How We Deliver Clean Data

The first layer of our data transformation process focuses on data cleanliness and consistency. Through modeling techniques and automated testing, we proactively identify and rectify inconsistencies in the data we process, laying a strong foundation for efficient downstream modeling. This page outlines some of the key data cleaning methods we employ.

Schema Alignment

Schema alignment involves integrating and standardizing data structures from various sources, such as advertising platforms, into a unified format. This process ensures that data across different systems can be compared and analyzed holistically. By identifying equivalent data fields, harmonizing data formats, and resolving discrepancies, we deliver clean, consistent, and unified datasets that help increase the speed and quality of downstream modeling or BI develoment.

Data Type Consistency

Maintaining consistency in data types, especially for key identifiers like IDs or UUIDs, is crucial for data integrity. We enforce data type consistency for similar fields across source systems to avoid errors during data processing or downstream analysis.

Negative Value Conversion

We convert numerical values to negative to maintain logical consistency when values represent deductions or subtractions in calculations. This ensures that the computational logic reflects the actual financial or quantitative operations accurately.

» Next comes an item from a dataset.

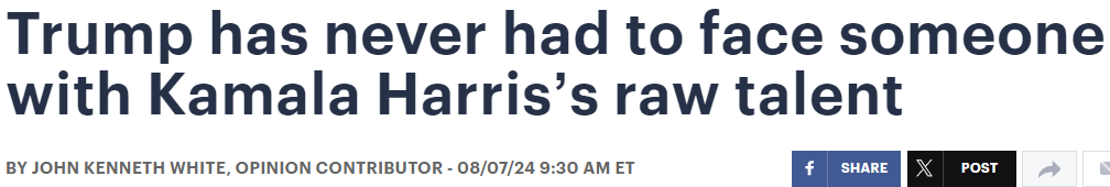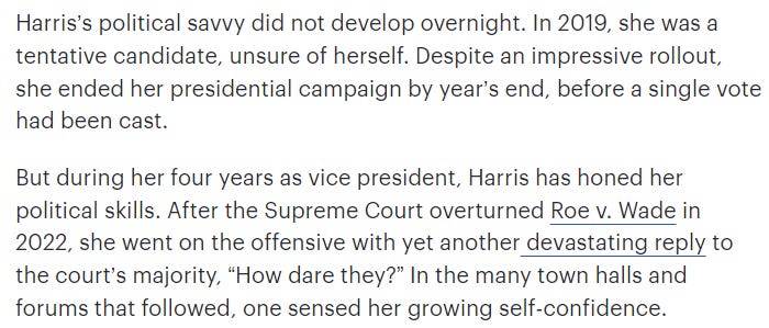 “Kamala Harris has raw political talent” is a line so detached from reality it’s a wonder Mr. White didn’t commit seppuku to restore his family’s honor. This pair of paragraphs, in particular, jumped out at me:
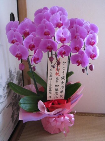 患者の治療をしていたら、どこかでインターホンがなったような気が…気のせいだろうと思ったけれど、一応出てみたら………どでかい箱を持った宅急便のお兄さん、『花が届いています』。 入院している父のお見舞かなとも思ったけれど、あまりにも大きすぎだれだろうと思って宛名を見たら、お世話になっているかとう鍼灸院からの開業祝でした!! 立派な胡蝶蘭。むちゃくちゃびっくりしました。ありがとうございます!毎年、花を咲かせるよう頑張ります。もちろん治療の方も。 これからも宜しくお願いいたします

Implementing Automated Rules

We run thousands of automated tests several times per day to ensure the data we deliver meets predefined standards, such as validating the range of acceptable values or ensuring that entries in a unique identifier field are distinct.

Standardizing Dates and Times

Date and time standardization ensures that all temporal data across datasets adhere to a consistent format, facilitating easier analysis and comparison of time-based information. While most source systems standardize around UTC, we’ve encountered several data sources that only report in ET, creating unexpected data quality issues.

Lowercasing Inconsistent Values

For textual data, especially computer-generated values, standardizing capitalization conventions by converting all entries to lowercase can reduce complexity and improve data uniformity. This method is particularly useful for data fields that are prone to inconsistent capitalization, ensuring that comparisons and searches are not case-sensitive and more reliable.